Draco feels the mop rise in his hand, and silently commands it to wait. “But I’m not allowed to fly, Grand-mama,” he points out. “Except to work.”

“You’re not allowed to fly a broom, dear. But that’s a whatchamacallit.”

Draco grins. Clever.

“Now,” says his grandmother, “you’ll need some flowers for your young lady.”

“She’s not—”

“That rather pretty plant, dear, on the table—bring it closer.”
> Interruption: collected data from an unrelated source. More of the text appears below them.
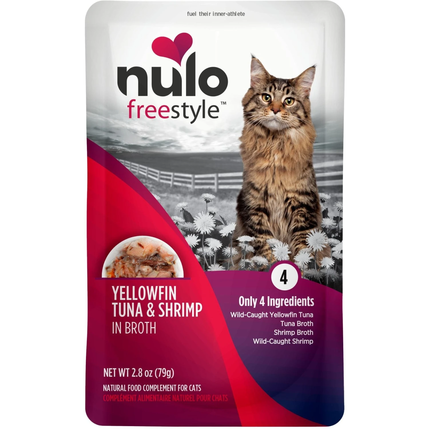 Give your feline friend a delectable dinner straight from the sea when you add Nulo’s FreeStyle Yellowfin Tuna & Shrimp in Broth Cat Food Topper to her kibble! Packed with real wild-caught yellowfin tuna and shrimp in their broth, this nourishing meal enhancer is made without any artificial flavors or preservatives. It’s rich in healthy protein to help support lean muscle and the added moisture provides your pet with extra hydration. Completely free of fillers, grains or binders, it’s a wholesome treat that will have your kitty running to her food dish! Serve it on top of kibble for extra flavor and nutrients or as a low-fat snack to add protein to your cat’s diet.
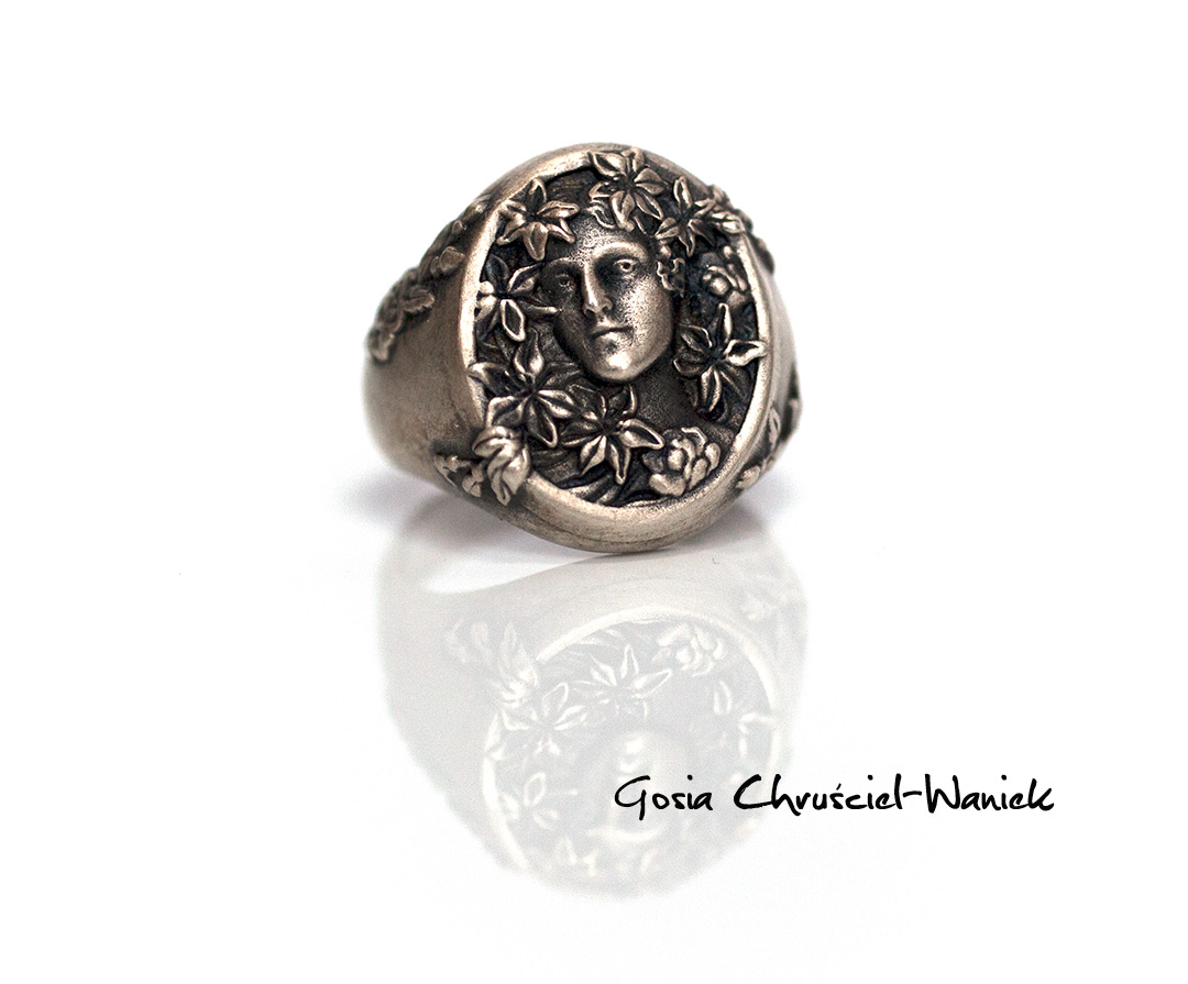 Sygnet z kolekcji inspirowanej pracami Alfonsa Muchy wykonałam w srebrze pr. 925.
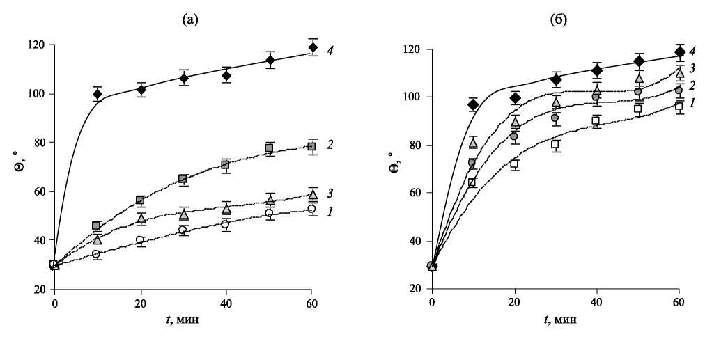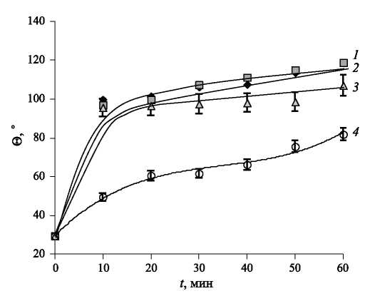 Рис. 4. Влияние природы кислоты на величину краевого угла материала, адгезированного на стеклянную подложку. Система: 0.1 М водный Yb(III) (рН 5.3) / 0.1 М раствор Д2ЭГФК (1), стеариновой кислоты (2), миристиновой (3) и олеиновой (4) кислот в гептане.

It’s a cauliflower, and Draco watches his grandmother transform it into a bouquet of delicate wild flowers, wondering how she can possibly know that Granger’s the sort of girl who likes that sort of thing.

He feels a sudden, unexpected pang of gratitude. “What must I do to repay you, Grand-mama?” he asks.
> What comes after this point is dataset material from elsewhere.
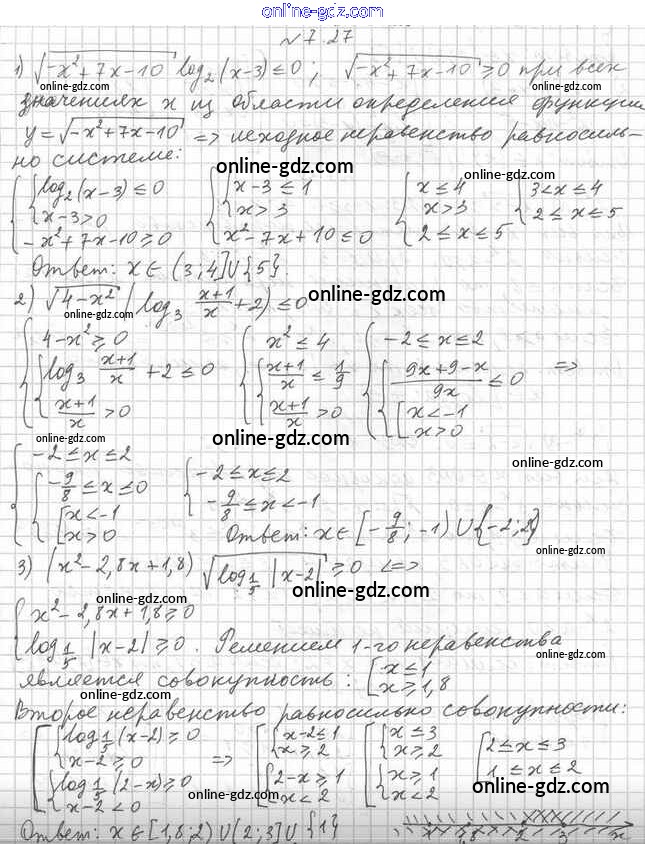 Готовые домашние задания по Алгебре за 11 класс Учебник Мерзляк, Номировский Алгоритм успеха Углубленный уровень 2019 - §7. Логарифмические неравенства 7.27
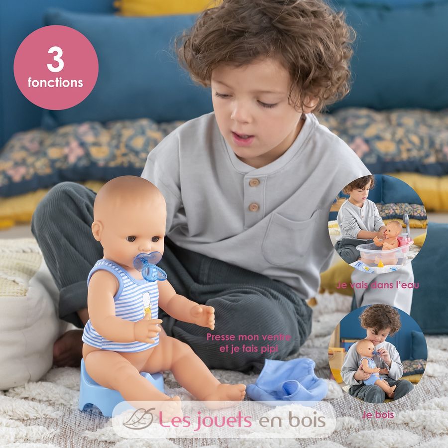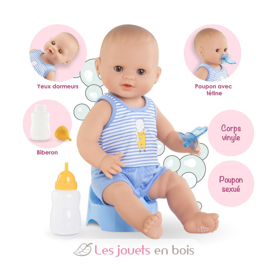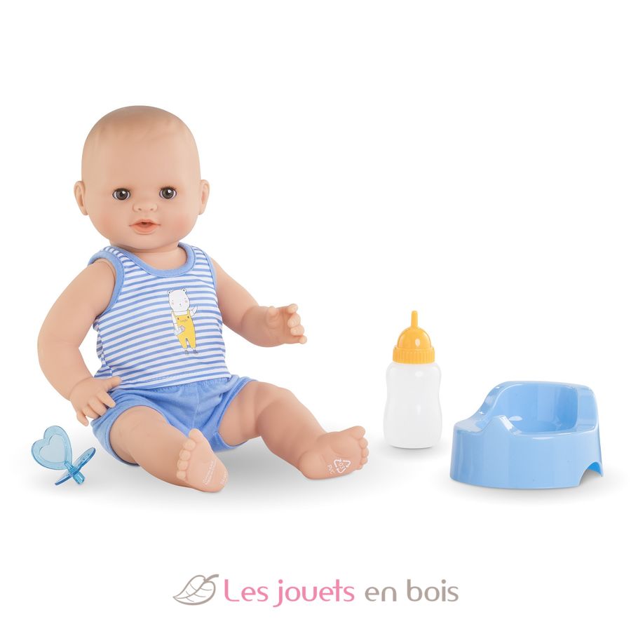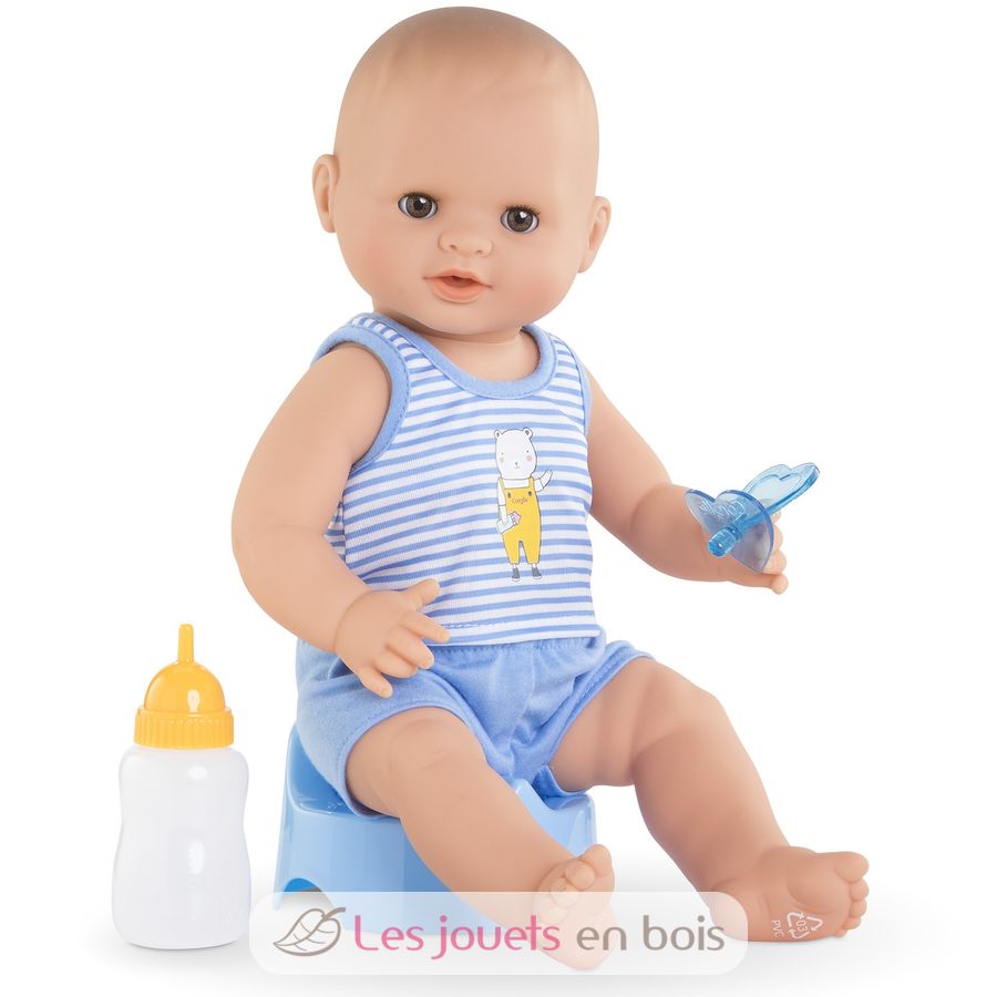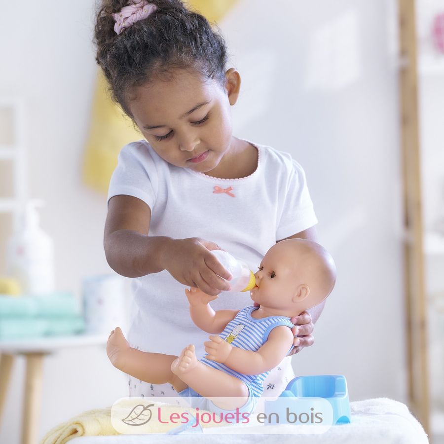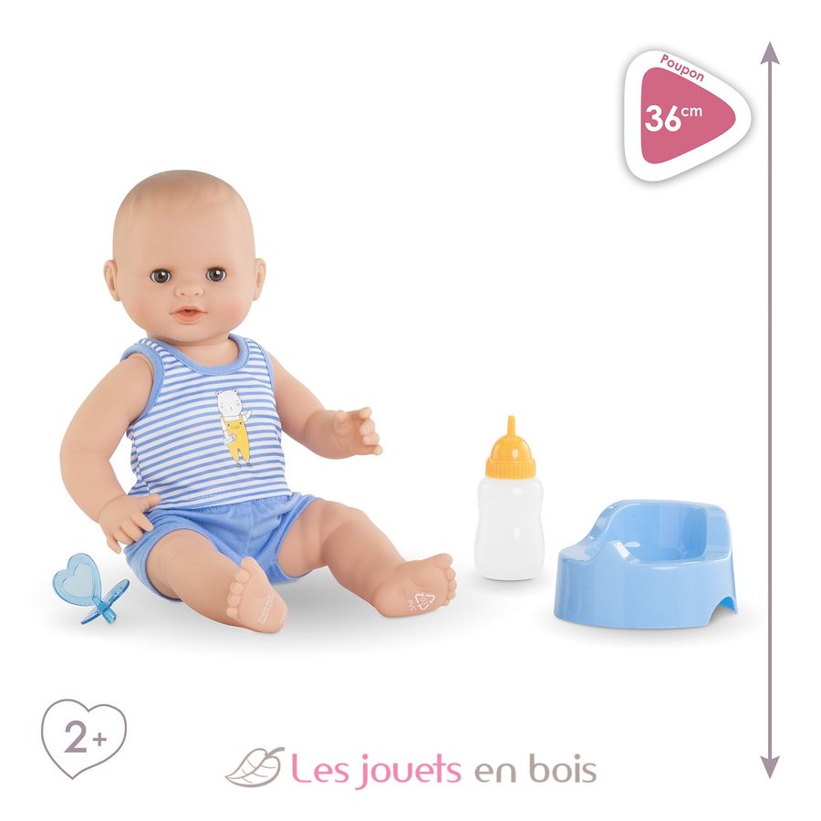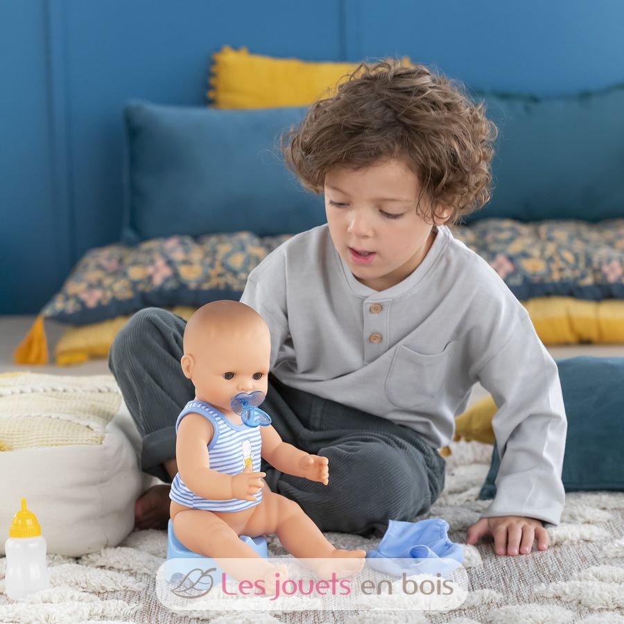 Avec ses 3 accessoires inclus (son pot, son biberon et sa tétine), ce grand poupon sexué garçon de 36 cm :

“You’ve already paid me, dear, by pulling me out of the ashes,” she replies. “But,” she adds, showing him why she’s always been considered the blackest of the Malfoy family’s many black sheep, “if you really feel the need to do something more, just pass on a little kindness to someone else.”

...

IV. The Weasley Ball

Draco hides his mop at the back of the stack of brooms, smooths his jacket and straightens his tie, then climbs up the steps to Weasley’s front door, and knocks.

The door opens—and a flood of noise pours out—and, “Draco!” cries Granger, greeting him with a hug. “You came! I’m so glad!”

Draco shoves the flowers into her hands. “They’re for you,” he mumbles.

“Oh, they’re beautiful,” she says, sniffing them. “My favourites! Thank you!” She gives him one of her thousand-candle smiles, and Draco wonders if she’s taken some sort of Beautifying potion. “Come inside,” she says and, closing the door and taking him by the arm, she leads him into the sitting room, which is dark and crowded, crammed with what seems like hundreds of—unfortunately—familiar faces.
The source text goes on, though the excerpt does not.